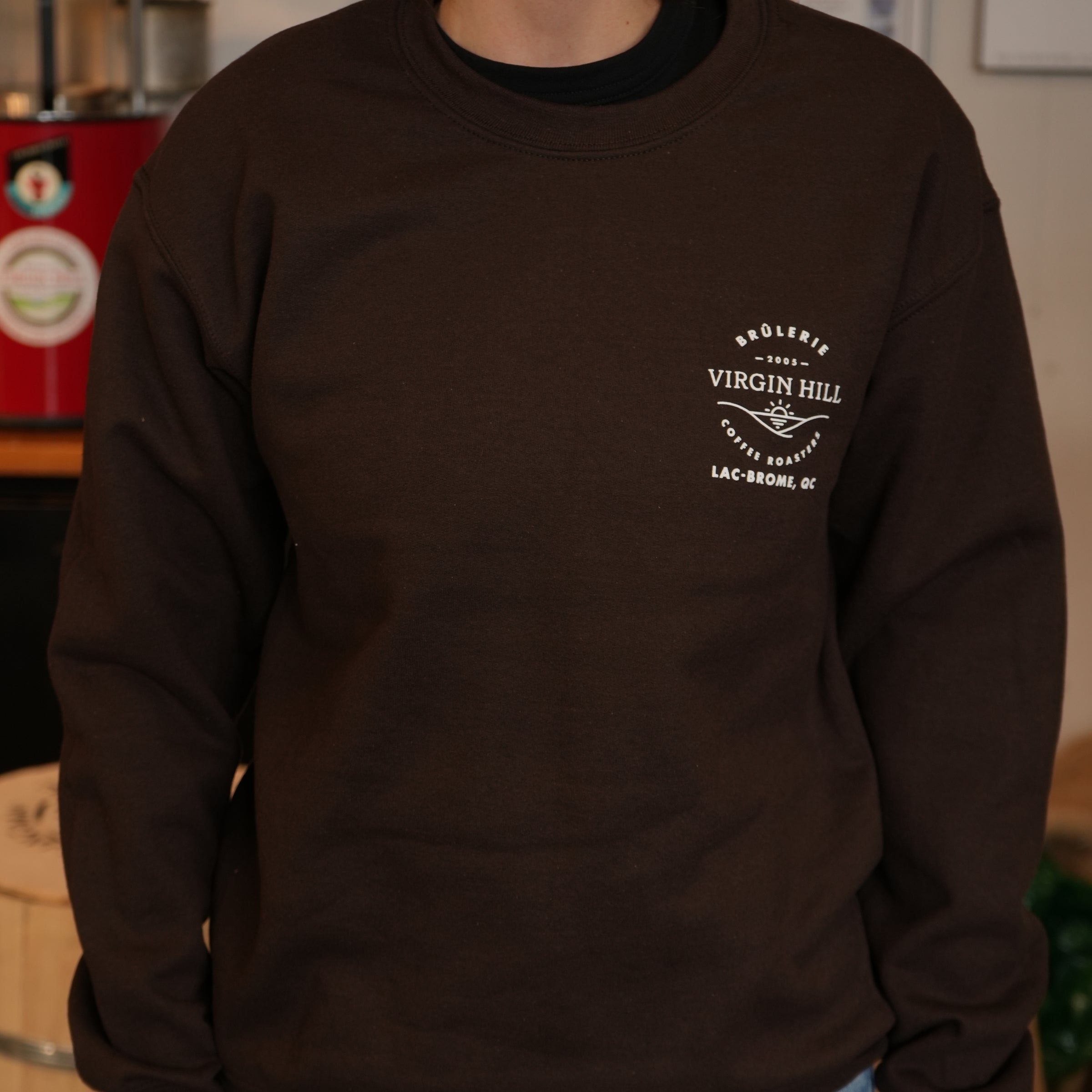 Our beautiful new brown "Je Capotccino" Virgin Hill logo crewneck sweaters will keep you warm this winter, while our coffee keeps your hands and hearts even warmer. With our now classic "Je capotccino" phrase appearing on the back, this sweater is a perfect fit for any spirited coffee lover. As for the front, you will be proudly showcasing our local roots in Lac-Brome, Qc. in the Eastern Townships.
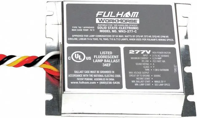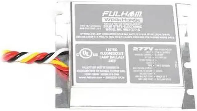 California Proposition 65: This product contains a chemical known to the State of California to cause birth defects or other reproductive harm. WorkHorse, Electronic, Fluorescent Ballast, Ballast Start Type Instant, Input Voltage 277V AC, Number of Bulbs Supported 1, 2, Max. Bulb Watts 12 W, 13 W, 14 W, 15 W, 17 W, 18 W, 19 W, 20 W, 25 W, 28 W, 30 W, 32 W, 34 W, 39 W, 40 W, 42 W, 44 W, 50 W, 54 W, 55 W, 60 W, 75 W, 80 W, 85 W, 100 W, Ballast Bulb Type BX, DBX, T10, T12, T12U, T5, T5-Circuline, T6, T8, Dimming No, Dimming Type No Dimming, Dimming Method No Dimming, Dimming Range No Dimming, Min. Starting Temp. -22 Degrees F. This item has been restricted from sale in the following state (s): []
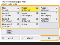 Ja ievietotā papīra veids netiek parādīts, nospiediet <Detaliz. iestat.>, lai to izvēlētos no saraksta.

********************

## THE PROBLEM
Please repeat all of the data exactly as it stands, leaving the pictures out.

## ANSWER BOX
 Our beautiful new brown "Je Capotccino" Virgin Hill logo crewneck sweaters will keep you warm this winter, while our coffee keeps your hands and hearts even warmer. With our now classic "Je capotccino" phrase appearing on the back, this sweater is a perfect fit for any spirited coffee lover. As for the front, you will be proudly showcasing our local roots in Lac-Brome, Qc. in the Eastern Townships.
 California Proposition 65: This product contains a chemical known to the State of California to cause birth defects or other reproductive harm. WorkHorse, Electronic, Fluorescent Ballast, Ballast Start Type Instant, Input Voltage 277V AC, Number of Bulbs Supported 1, 2, Max. Bulb Watts 12 W, 13 W, 14 W, 15 W, 17 W, 18 W, 19 W, 20 W, 25 W, 28 W, 30 W, 32 W, 34 W, 39 W, 40 W, 42 W, 44 W, 50 W, 54 W, 55 W, 60 W, 75 W, 80 W, 85 W, 100 W, Ballast Bulb Type BX, DBX, T10, T12, T12U, T5, T5-Circuline, T6, T8, Dimming No, Dimming Type No Dimming, Dimming Method No Dimming, Dimming Range No Dimming, Min. Starting Temp. -22 Degrees F. This item has been restricted from sale in the following state (s): []
 Ja ievietotā papīra veids netiek parādīts, nospiediet <Detaliz. iestat.>, lai to izvēlētos no saraksta.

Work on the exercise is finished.